• **Exercise**:
Return the listing below unchanged, but without pictures.

*** Dataset section Section Begins ***

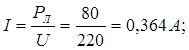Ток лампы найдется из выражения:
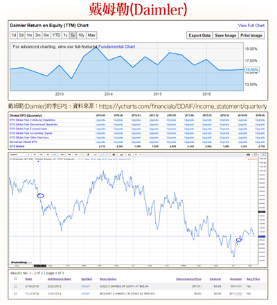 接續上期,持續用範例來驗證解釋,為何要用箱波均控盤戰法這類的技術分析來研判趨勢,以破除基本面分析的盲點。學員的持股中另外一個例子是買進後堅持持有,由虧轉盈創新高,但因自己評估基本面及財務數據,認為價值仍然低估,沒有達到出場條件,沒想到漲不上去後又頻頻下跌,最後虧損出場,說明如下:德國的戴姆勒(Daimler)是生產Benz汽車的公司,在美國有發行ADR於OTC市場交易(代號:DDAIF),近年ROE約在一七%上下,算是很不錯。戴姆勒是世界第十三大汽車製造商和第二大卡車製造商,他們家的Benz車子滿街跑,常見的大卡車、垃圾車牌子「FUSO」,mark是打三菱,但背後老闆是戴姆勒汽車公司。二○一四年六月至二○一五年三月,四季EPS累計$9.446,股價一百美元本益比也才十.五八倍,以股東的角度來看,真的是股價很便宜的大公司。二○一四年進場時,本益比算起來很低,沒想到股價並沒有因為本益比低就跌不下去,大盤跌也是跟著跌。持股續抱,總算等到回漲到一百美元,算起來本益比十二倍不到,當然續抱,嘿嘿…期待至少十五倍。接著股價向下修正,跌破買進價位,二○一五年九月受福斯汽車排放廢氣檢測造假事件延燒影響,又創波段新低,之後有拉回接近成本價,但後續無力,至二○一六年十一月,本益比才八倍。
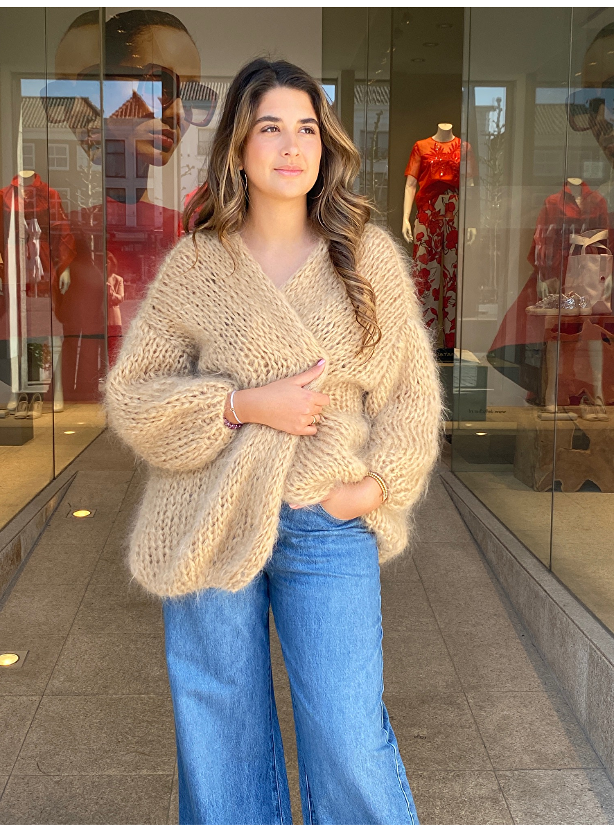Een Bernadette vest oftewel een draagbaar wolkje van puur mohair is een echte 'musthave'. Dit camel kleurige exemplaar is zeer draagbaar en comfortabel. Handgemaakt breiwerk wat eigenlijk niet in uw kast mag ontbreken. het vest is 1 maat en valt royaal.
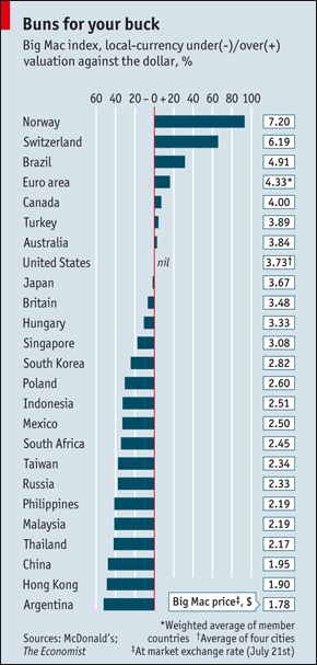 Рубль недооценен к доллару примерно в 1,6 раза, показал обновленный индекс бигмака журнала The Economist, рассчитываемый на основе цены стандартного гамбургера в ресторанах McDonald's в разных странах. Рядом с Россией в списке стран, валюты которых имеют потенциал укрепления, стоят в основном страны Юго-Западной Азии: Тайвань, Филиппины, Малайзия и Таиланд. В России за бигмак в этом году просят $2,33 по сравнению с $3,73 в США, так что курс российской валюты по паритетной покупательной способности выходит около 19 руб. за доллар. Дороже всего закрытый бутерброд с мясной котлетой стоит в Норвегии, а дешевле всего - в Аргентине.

*** Dataset section Section Ends ***

• **Written answer**:
Ток лампы найдется из выражения:
 接續上期,持續用範例來驗證解釋,為何要用箱波均控盤戰法這類的技術分析來研判趨勢,以破除基本面分析的盲點。學員的持股中另外一個例子是買進後堅持持有,由虧轉盈創新高,但因自己評估基本面及財務數據,認為價值仍然低估,沒有達到出場條件,沒想到漲不上去後又頻頻下跌,最後虧損出場,說明如下:德國的戴姆勒(Daimler)是生產Benz汽車的公司,在美國有發行ADR於OTC市場交易(代號:DDAIF),近年ROE約在一七%上下,算是很不錯。戴姆勒是世界第十三大汽車製造商和第二大卡車製造商,他們家的Benz車子滿街跑,常見的大卡車、垃圾車牌子「FUSO」,mark是打三菱,但背後老闆是戴姆勒汽車公司。二○一四年六月至二○一五年三月,四季EPS累計$9.446,股價一百美元本益比也才十.五八倍,以股東的角度來看,真的是股價很便宜的大公司。二○一四年進場時,本益比算起來很低,沒想到股價並沒有因為本益比低就跌不下去,大盤跌也是跟著跌。持股續抱,總算等到回漲到一百美元,算起來本益比十二倍不到,當然續抱,嘿嘿…期待至少十五倍。接著股價向下修正,跌破買進價位,二○一五年九月受福斯汽車排放廢氣檢測造假事件延燒影響,又創波段新低,之後有拉回接近成本價,但後續無力,至二○一六年十一月,本益比才八倍。
Een Bernadette vest oftewel een draagbaar wolkje van puur mohair is een echte 'musthave'. Dit camel kleurige exemplaar is zeer draagbaar en comfortabel. Handgemaakt breiwerk wat eigenlijk niet in uw kast mag ontbreken. het vest is 1 maat en valt royaal.
 Рубль недооценен к доллару примерно в 1,6 раза, показал обновленный индекс бигмака журнала The Economist, рассчитываемый на основе цены стандартного гамбургера в ресторанах McDonald's в разных странах. Рядом с Россией в списке стран, валюты которых имеют потенциал укрепления, стоят в основном страны Юго-Западной Азии: Тайвань, Филиппины, Малайзия и Таиланд. В России за бигмак в этом году просят $2,33 по сравнению с $3,73 в США, так что курс российской валюты по паритетной покупательной способности выходит около 19 руб. за доллар. Дороже всего закрытый бутерброд с мясной котлетой стоит в Норвегии, а дешевле всего - в Аргентине.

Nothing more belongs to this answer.